Same thing happens when connecting raw TCP client -> ser2net telnet, so I suspect that socat does not transmit some keystrokes correctly (tab, arrowkeys). There are ways to map them in socat, but this is just out of curiosity, it would be too difficult to use/setup.
Dropping rfc2217 and using just telnet (both sides) worked fine during short test. I had forgotten that telnet and rfc2217 are separate things, seems that rfc2217 adds something like serial option negotiation, but telnet itself has the pseudoterminal functionality.
Unfortunately did not reproduce identical initial error yet, however we had a new problem. Turns out an error in our project was leaking connections (not closing them) in certain scenarios. This gave me an idea and I tested a scenario which produces an error similar to the initial error:
- connect to ser2net via another device
- disconnect device from common network (unplug ethernet)
- connect to ser2net via different device (can be localhost)
- spam input/output to fill buffers
This results in output freezing on the second connection, admin console shows see device to tcp state: closing, new connections get some initial output, but cannot produce new output. In admin console I can still see the first connection, so I assume that ser2net attempts to send data there, but there's no response, buffers fill and everything freezes.

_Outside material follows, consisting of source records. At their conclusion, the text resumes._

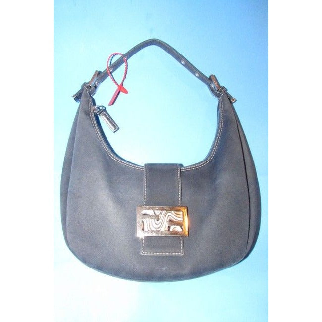 For sale is an amazing, Fendi, heavy dark rinse denim fabric and leather, zip top, hobo style, shoulder purse with chrome hardware and a leather strap with a bold chrome and multicolored enamel, FF logo, snap closure! This style purse by the Italian design house is timeless!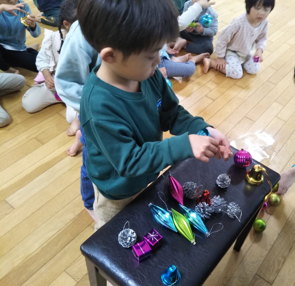 くまグループ(4歳児)では、先日クリスマスツリーの装飾を行ないました。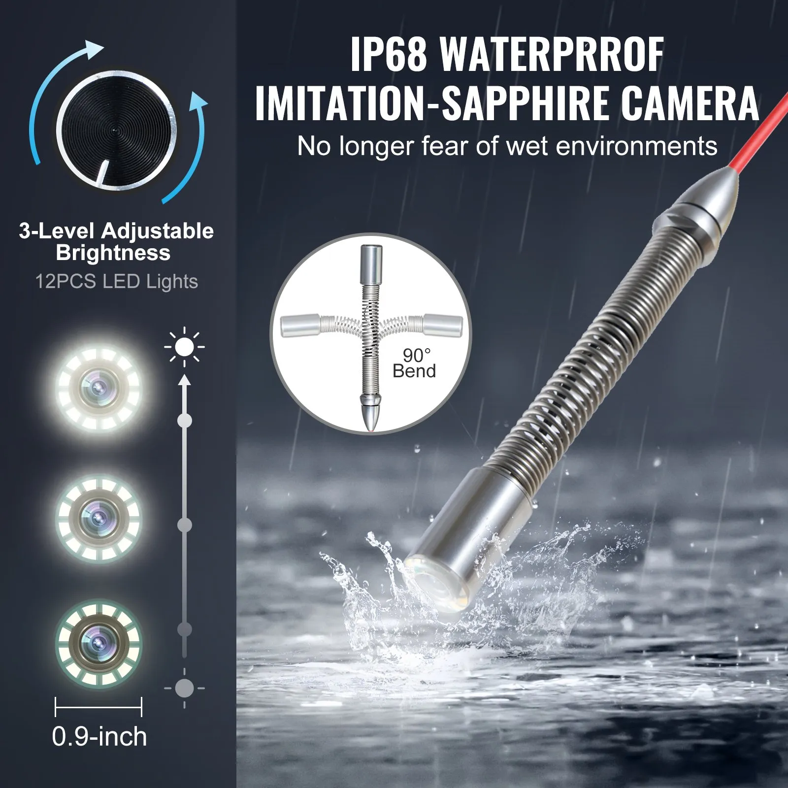 Profesionálna priemyselná kamera na opravu potrubí: Inšpekčná kamera VEVOR Snake je vybavená ultra dlhým káblom s dĺžkou 100 metrov, ktorý je vhodný pre 99,9 % stredných až veľkých a mimoriadne veľkých projektov opráv potrubí. Jej robustný rám z nehrdzavejúcej ocele poskytuje stabilnú oporu a pomocné kolieska zaisťujú jednoduchú mobilitu. Nabíjateľná lítiová batéria s kapacitou 4500 mAh umožňuje 6 – 8 hodín nepretržitej prevádzky, vďaka čomu je tento inštalatérsky nástroj prvou voľbou pre inštalatérov, dodávateľov, inšpektorov, technikov a komunálnych pracovníkov.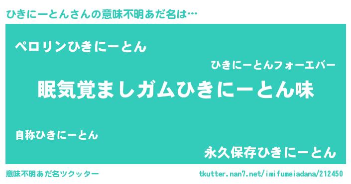 | ヘコむあだ名 | 『ひきにゅー』『ひきにーとん(笑)』 |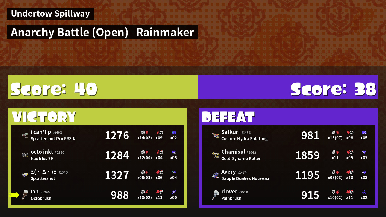 | Mode | Rainmaker - Anarchy Battle (Open) | ||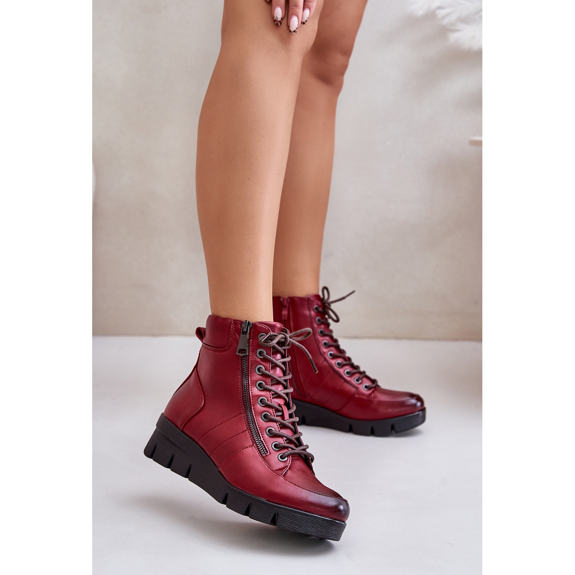Details: Leichte, isolierte Damenstiefeletten mit Plateau und Keilabsatz, Burgunderrot, Savindria
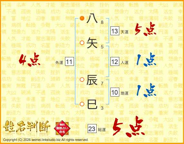 八(8画)矢(5画) 辰(7画)巳(3画)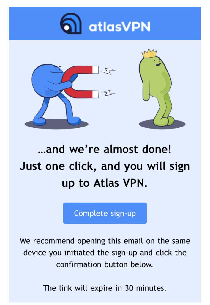 3、メールアドレスに送られてきた「Complete sign-up」をクリック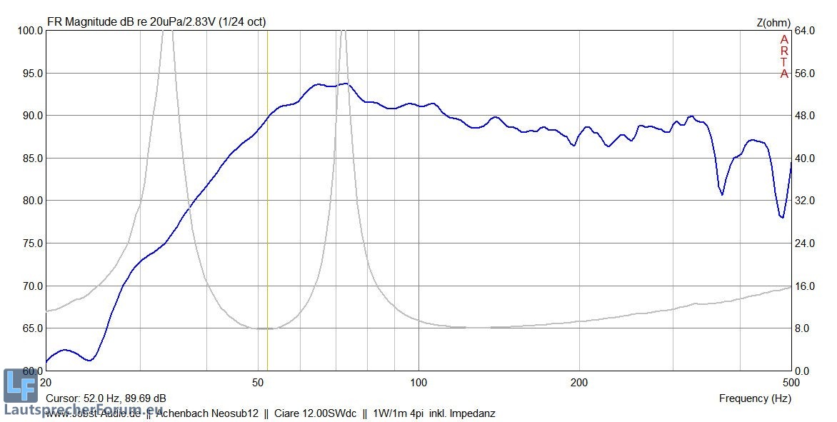Der Anstieg oberhalb 100Hz fällt mit +3dB auch wesentlich höher aus, was eine recht tiefe elektrische XO fordert,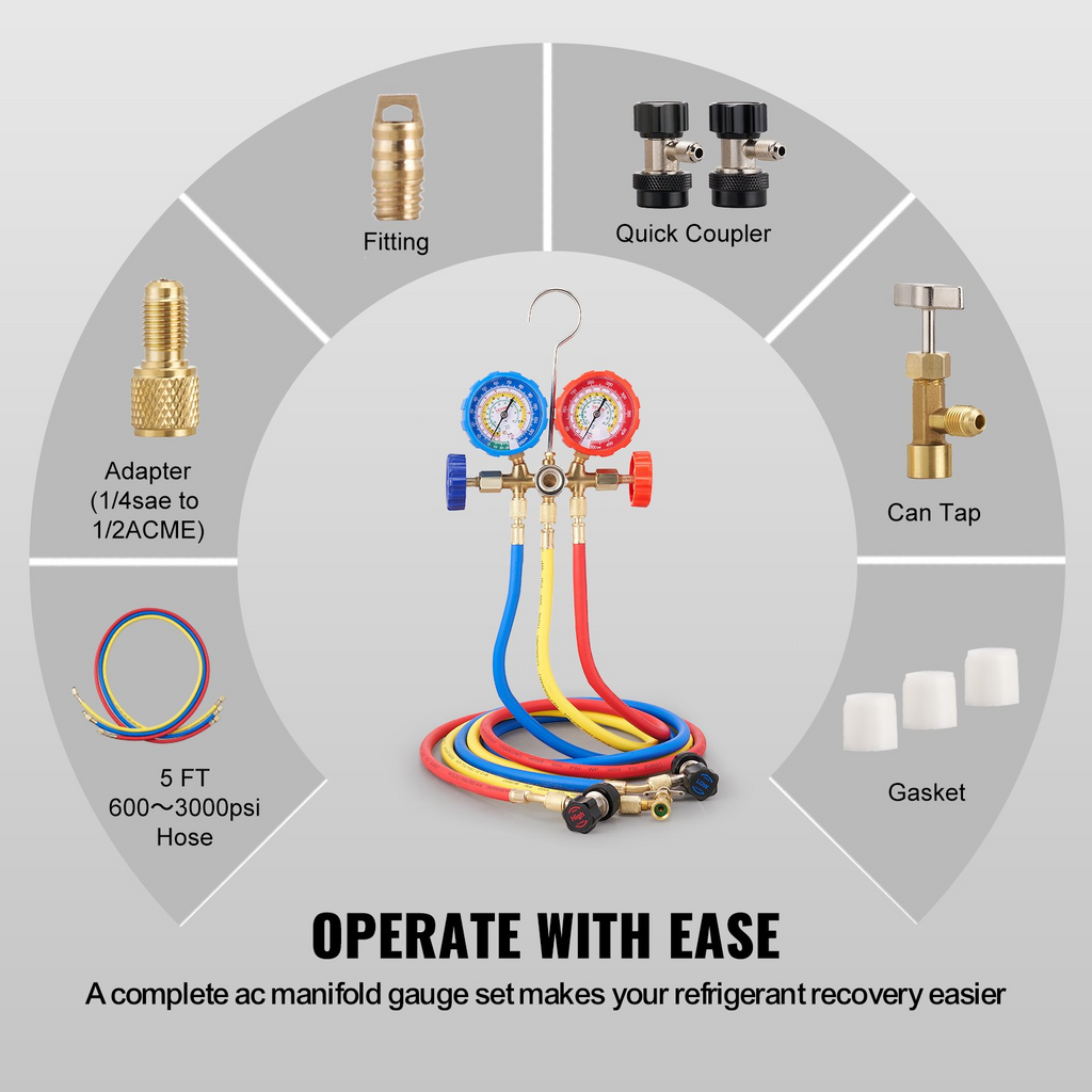 VEVOR Juego de manómetros de CA - Juego de manómetros de colector de CA de 3 vías para refrigerante R134A R22 R12 R502, manómetros de freón con mangueras de 5 pies, acopladores, grifo de lata Funciona en el automóvil Carga y evacuación de freón automático

If this is indeed the same problem then fixing connection leaking in my project should fix these issues, however this can still raise problems in the future. I tried to find some option for tcp keepalive/timeout in gensio github and man pages with no success. Are there no such options in gensio and I would have to resort to changing system defaults (I assume that's what gensio uses) ?
On Tue, Mar 19, 2024 at 03:49:44AM -0700, ffolkes1911 wrote:
Unfortunately did not reproduce identical initial error yet, however we had a new problem. Turns out an error in our project was leaking connections (not closing them) in certain scenarios. This gave me an idea and I tested a scenario which produces an error similar to the initial error:
- connect to ser2net via another device
- disconnect device from common network (unplug ethernet)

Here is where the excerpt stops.